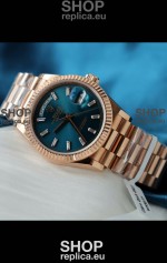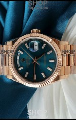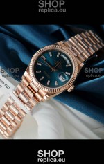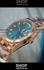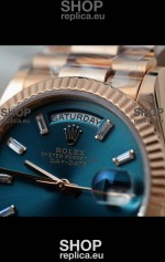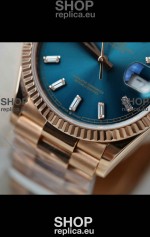 Rolex Day Date Super Clone Rose Gold Blue Dial Crystal Numerals Watch 36MM - 1:1 Mirror Quality
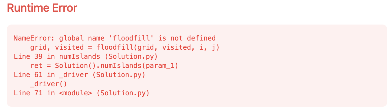 - m과 n 변수가 numIslands라는 함수 안에서 정의되어 있기 때문에 m과 n 변수도 range_check과 floodfill 함수의 파라미터로 넣어줘야 한다.
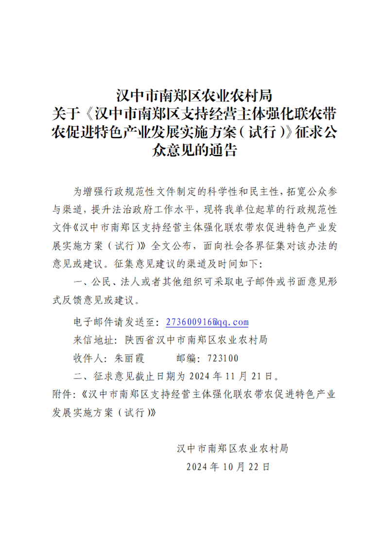 汉中市南郑区农业农村局关于《汉中市南郑区支持经营主体强化联农带农促进特色产业发展实施方案(试行)》征求公众意见的通告
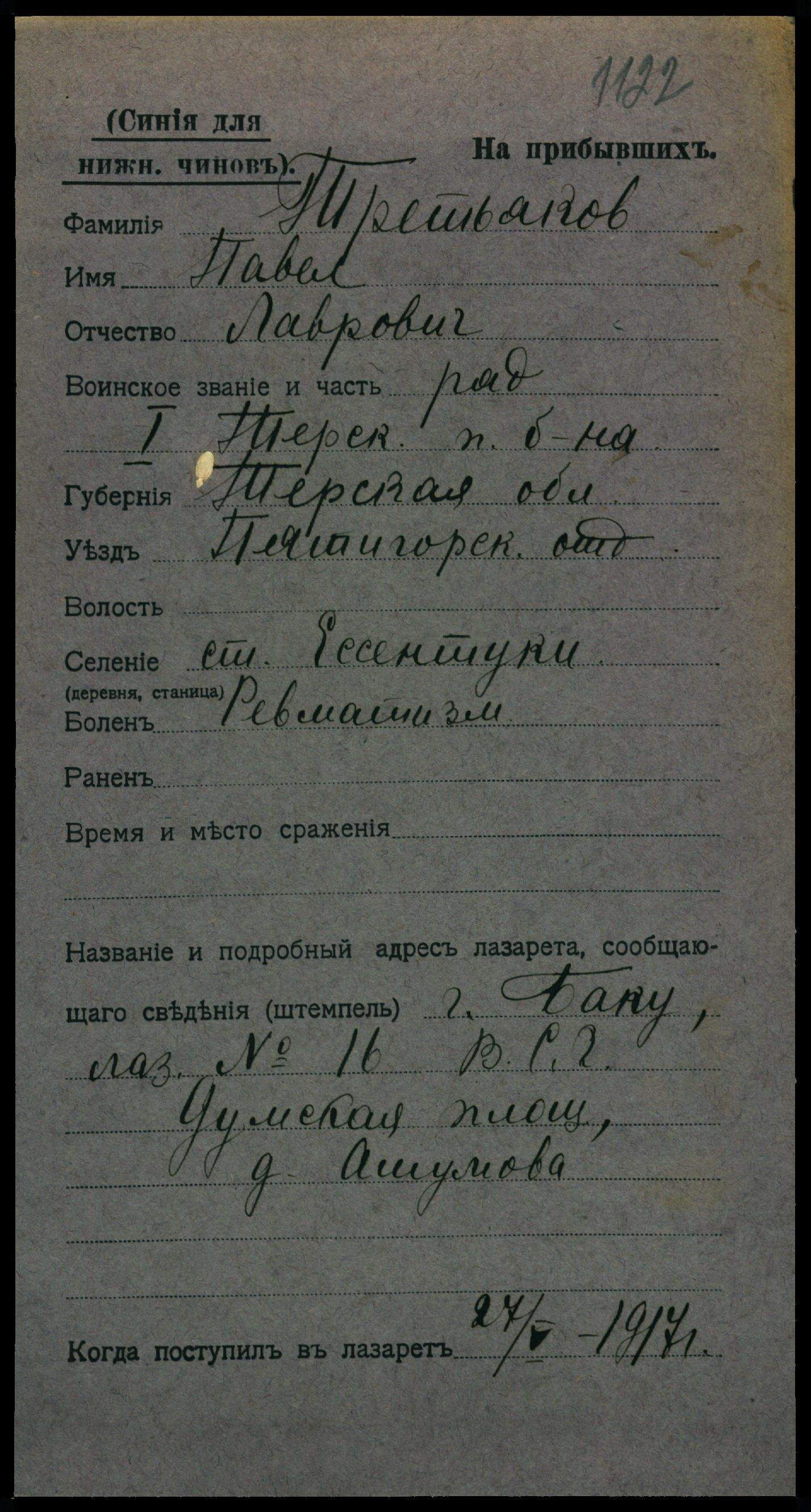 Рядовой __.__.1921 Орджоникидзевский край, г. Ессентуки, Мичурина, 22 , Место службы: 15 кон. арт. д н. Донесение о потерях
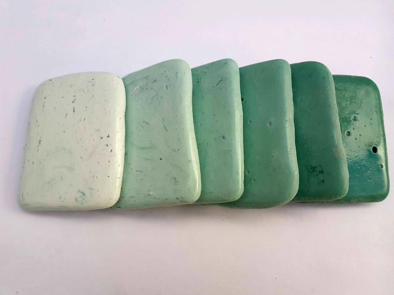 Pasta Vitrea Blanco al Verde Agua x 6 Piezas 600 grs para mosaiquismo, mosaico contemporáneo
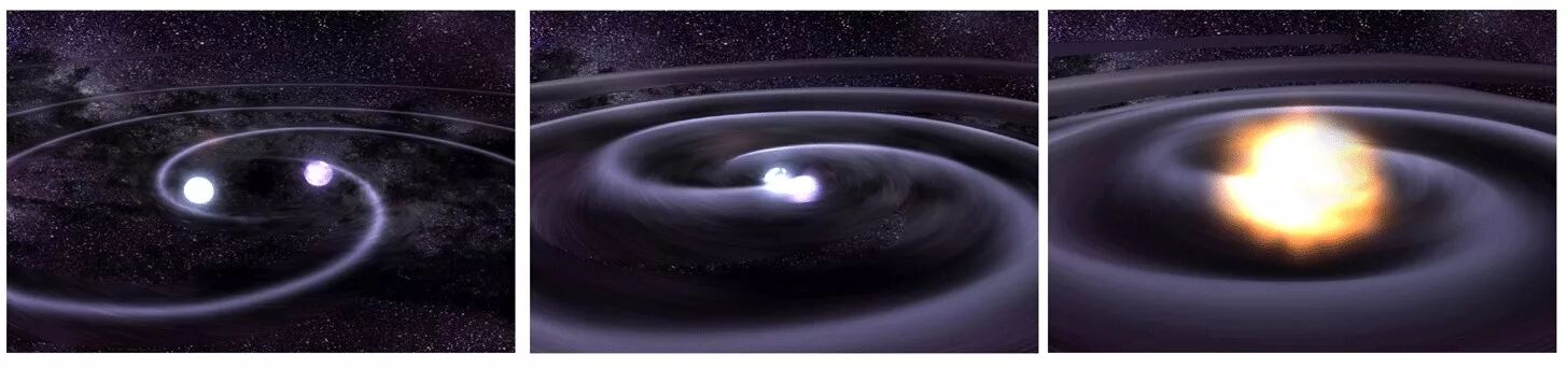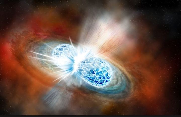 双中子星并合是质量和能量巨大的宇宙事件。两颗中子星互相绕转舞动,越转越近,最后交汇融合,除了迸发伽马暴,还产生亮度达到千倍的“千新星”(kilonova)。不但如此,双中子星并合也产生宇宙中包括金、银等在内的一些重金属元素,它是这些重金属的起源。
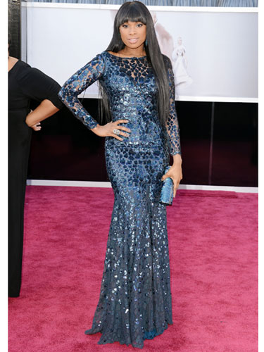 Jennifer Hudson in a blue embellished Roberto Cavalli long-sleeved gown
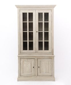 Spaziosa credenza alta con vetrina dotata di due ante semplici in basso e due ante vetrate nella parte superiore rifinite con graziose finestrelle. Il nostro mobile da cucina riflette il valore di un prodotto di alta qualità, grazie alla struttura massiccia in legno massello di abete cerato a mano e alla lavorazione ricca di dettagli, tipici di un mobile classico.
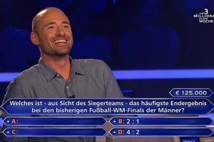 體育資訊10月11日訊 在德國版的《誰想成為百萬富翁》智力競賽節(jié)目中,一位參賽者沒能回答對(duì)世界杯決賽的比分,錯(cuò)失12.5萬歐元(約103萬人民幣)獎(jiǎng)金。
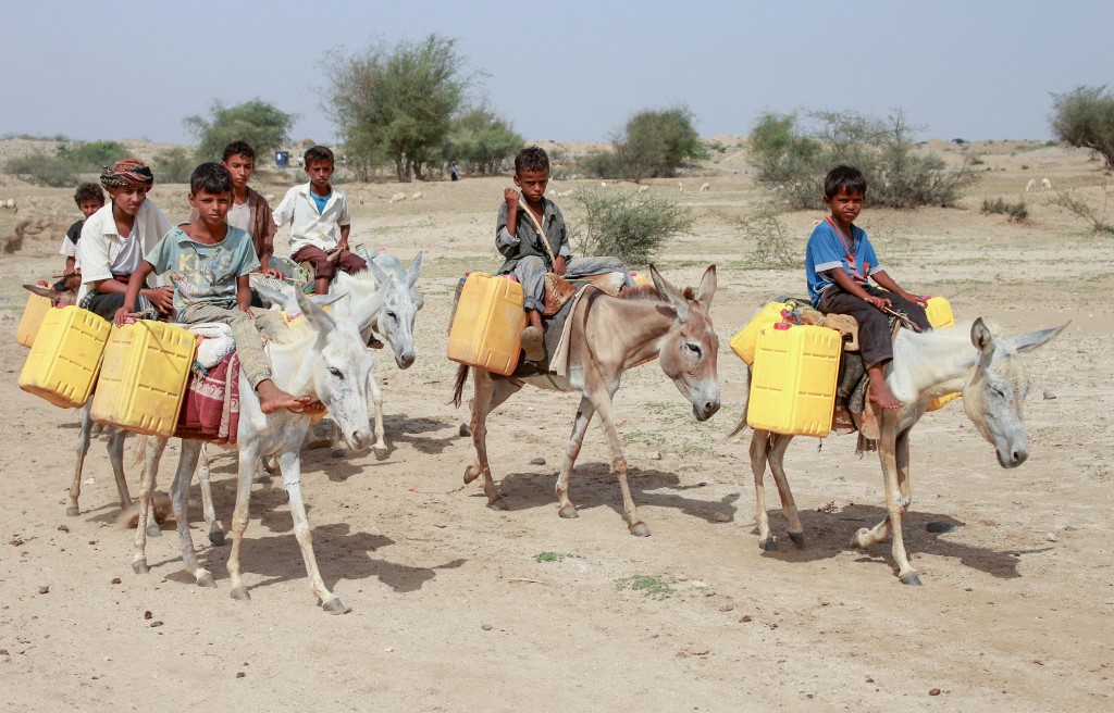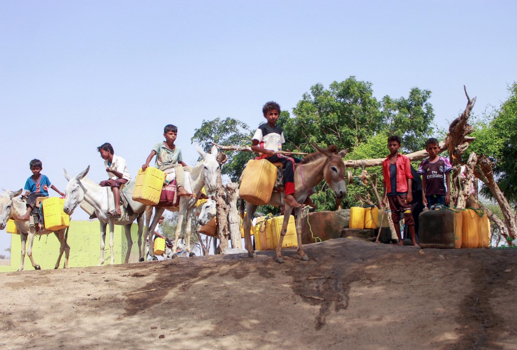Yemeni children riding donkeys arrive to fill their jerrycans with water from a cistern at a make-shift camp for the internally displaced, in the northern Hajjah province, on June 7, 2020, amid a severe shortage of water. ESSA AHMED / AFP
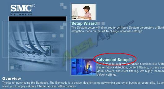 Introduciremos la contraseña. Si no la hemos cambiado será contraseña: smcadmin. Pasaremos a la pantalla de bienvenida e iremos al apartado Advanced Setup.
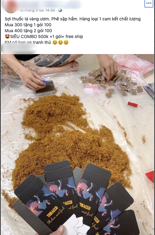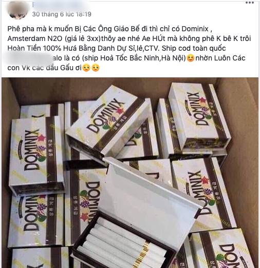 Chỉ cần lên mạng xã hội Facebook gõ những cụm từ khoá tìm kiếm mỹ miều như "thuốc lá tobacco", "thuốc lá dominix", "thuốc lá vui" hoặc "thuốc lá cười", hàng loạt các trang page, nhóm đăng bài quảng cáo, rao bán các loại thuốc lá này sẽ hiện lên cùng những lời quảng cáo "có cánh".
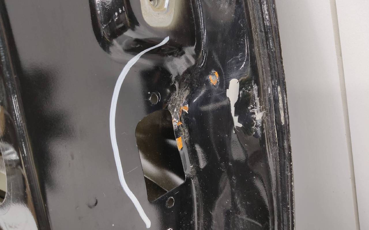 Состояние детали удовлетворительное. Чёрного цвета, скол ЛКП. Вмятины на внешней и внутренней поверхности. Потребуется ремонт
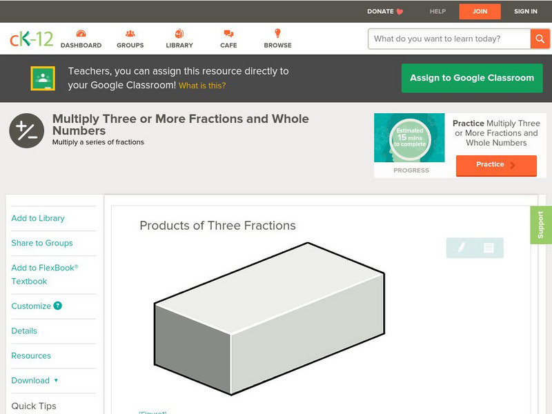 [Free Registration/Login may be required to access all resource tools.] In this lesson students find the product of three fractions multiplied together. Students examine guided notes, review guided practice, watch instructional videos...

_YOUR OBJECTIVE:_ Above are some entries. Restate word for word the lines from the one holding "Рядовой __.__.1921 Орджоникидзевский" through the one holding "體育資訊10月11日訊 在德", but not the pictures.

_RESULT BELOW:_
 Рядовой __.__.1921 Орджоникидзевский край, г. Ессентуки, Мичурина, 22 , Место службы: 15 кон. арт. д н. Донесение о потерях
 Pasta Vitrea Blanco al Verde Agua x 6 Piezas 600 grs para mosaiquismo, mosaico contemporáneo
 双中子星并合是质量和能量巨大的宇宙事件。两颗中子星互相绕转舞动,越转越近,最后交汇融合,除了迸发伽马暴,还产生亮度达到千倍的“千新星”(kilonova)。不但如此,双中子星并合也产生宇宙中包括金、银等在内的一些重金属元素,它是这些重金属的起源。
 Jennifer Hudson in a blue embellished Roberto Cavalli long-sleeved gown
 Spaziosa credenza alta con vetrina dotata di due ante semplici in basso e due ante vetrate nella parte superiore rifinite con graziose finestrelle. Il nostro mobile da cucina riflette il valore di un prodotto di alta qualità, grazie alla struttura massiccia in legno massello di abete cerato a mano e alla lavorazione ricca di dettagli, tipici di un mobile classico.
 體育資訊10月11日訊 在德國版的《誰想成為百萬富翁》智力競賽節(jié)目中,一位參賽者沒能回答對(duì)世界杯決賽的比分,錯(cuò)失12.5萬歐元(約103萬人民幣)獎(jiǎng)金。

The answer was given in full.